A. Flow cytometry analysis showed no difference of the cell cycle distribution between SKOV-3 cancer cells with or without Twist2 ectopic expression. B. The proliferation rate of the transfected cells was detected and compared with that of the vector control through viable cell counts using trypan-blue staining. Triplicate assays were performed in each group of cells. Data were expressed as mean ± SD. No obvious influence of Twist2 was observed on cell growth rate. C. Expressions of Akt, Erk1/2, and their phosphoralation forms indicated Twist2 had no effects on proliferation by Western blot. Compared with Vector/SKOV-3 cells, no obvious changes of Akt, Erk1/2, and their phosphorylation forms were found in Twist2/SKOV-3 cells.
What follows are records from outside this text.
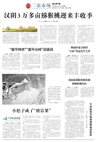 “富平尖柿”是制作富平柿饼的优质原料,其果实个大、肉厚、色泽鲜亮、含糖量高,制成的柿饼兼具“霜白、底亮、质润、味香甜”的特点,入口绵甜爽口。2013年富平尖柿获原国家农业部国家农产品地理标志登记保护,2020年入选全国名特优新农产品名录。目前,富平县尖柿种植面积达36万亩,鲜柿产量稳定在50万吨。柿子全产业链年产值突破85亿元,带动13万柿农实现增收,成为名副其实的“富民产业”。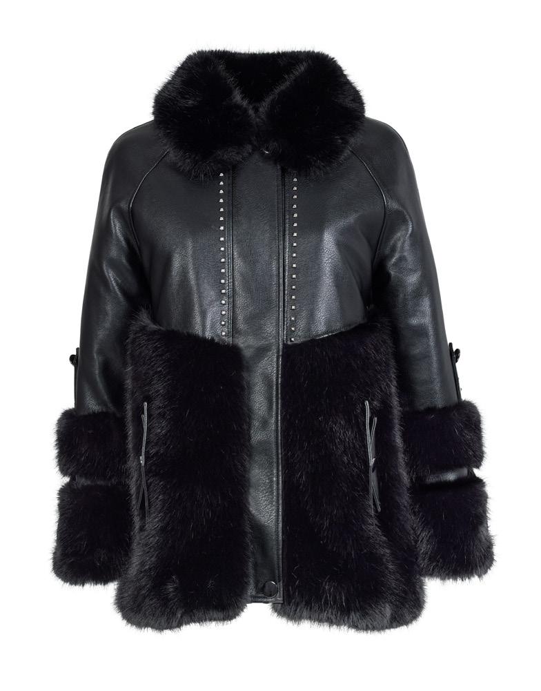Black. Studded faux leather trim and body with faux fur. Zip closure. Pockets. Imported. 29". XS-3X
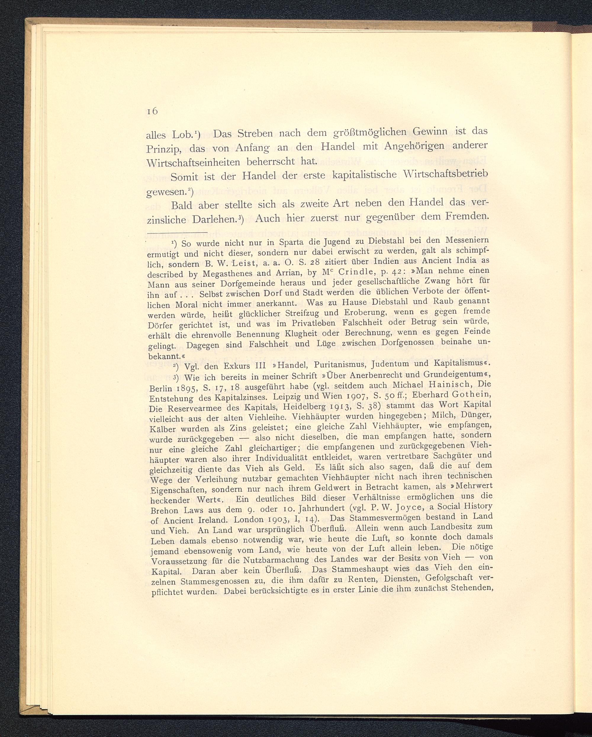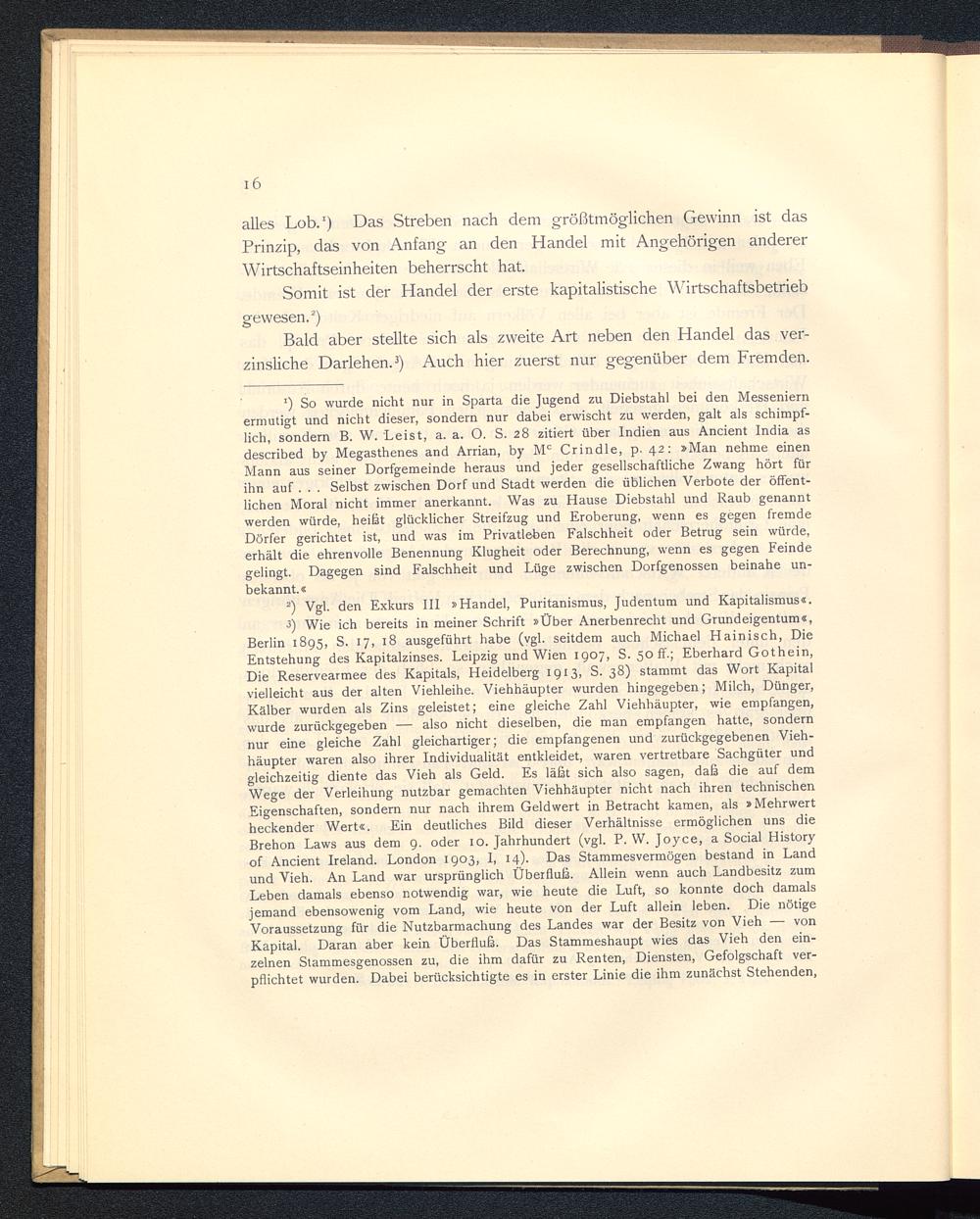 3 ) Wie ich bereits in meiner Schrift »Über Anerbenrecht und Grundeigentum«,Berlin 1895, S. 17, 18 ausgeführt habe (vgl. seitdem auch Michael Hainisch, DieEntstehung des Kapitalzinses. Leipzig und Wien 1907, S. 50 ff.; Eberhard Gothein, Die Reservearmee des Kapitals, Heidelberg 1913, S. 38) stammt das Wort Kapitalvielleicht aus der alten Viehleihe. Viehhäupter wurden hingegeben; Milch, Dünger,Kälber wurden als Zins geleistet; eine gleiche Zahl Viehhäupter, wie empfangen,wurde zurückgegeben — also nicht dieselben, die man empfangen hatte, sondernnur eine gleiche Zahl gleichartiger; die empfangenen und zurückgegebenen Vieh-häupter waren also ihrer Individualität entkleidet, waren vertretbare Sachgüter undgleichzeitig diente das Vieh als Geld. Es läßt sich also sagen, daß die auf demWege der Verleihung nutzbar gemachten Viehhäupter nicht nach ihren technischenEigenschaften, sondern nur nach ihrem Geldwert in Betracht kamen, als »Mehrwertheckender Wert«. Ein deutliches Bild dieser Verhältnisse ermöglichen uns dieBrehon Laws aus dem 9. oder 10. Jahrhundert (vgl. P. W. Joyce, a Social Historyof Ancient Ireland. London 1903, I, 14). Das Stammesvermögen bestand in Landund Vieh. An Land war ursprünglich Überfluß. Allein wenn auch Landbesitz zumLeben damals ebenso notwendig war, wie heute die Luft, so konnte doch damalsjemand ebensowenig vom Land, wie heute von der Luft allein leben. Die nötigeVoraussetzung für die Nutzbarmachung des Landes war der Besitz von Vieh — vonKapital. Daran aber kein Überfluß. Das Stammeshaupt wies das Vieh den ein-zelnen Stammesgenossen zu, die ihm dafür zu Renten, Diensten, Gefolgschaft ver-pflichtet wurden. Dabei berücksichtigte es in erster Linie die ihm zunächst Stehenden,

3. Twist2 Expression Enhanced Migration and Invasion of SKOV-3 Ovarian Cancer Cells
Twist2 has been shown to be an important inducer of EMT in breast and cervical cancer. EMT process promotes epithelial cells to appear fibroblast shape, characterized by increased motility and invasiveness [15]. To determine whether Twist2/SKOV-3 cells have acquired the increased ability to migrate, we performed a wound healing assay in which the motility of cells located at the edge of the wound was evaluated on the basis of their ability to colonise the wounded area. In the presence of serum (10% FBS), wound repair was observed faster in the Twist2/SKOV-3 cells than control cells group at 24 h (Fig. 4A). As there was no increase in proliferation induced by Twist2 (Fig. 3C), the Twist2/SKOV-3 cells might have the greater cell migration potential in vitro in “wound healing” assay (Fig. 4A, 4B). These results were confirmed by a transwell chamber assay containing an extracellular matrix layer (matrigel). As shown in Figure 4C, the number of Twist2/SKOV-3 cells migrated through the pores is more than the control cells did.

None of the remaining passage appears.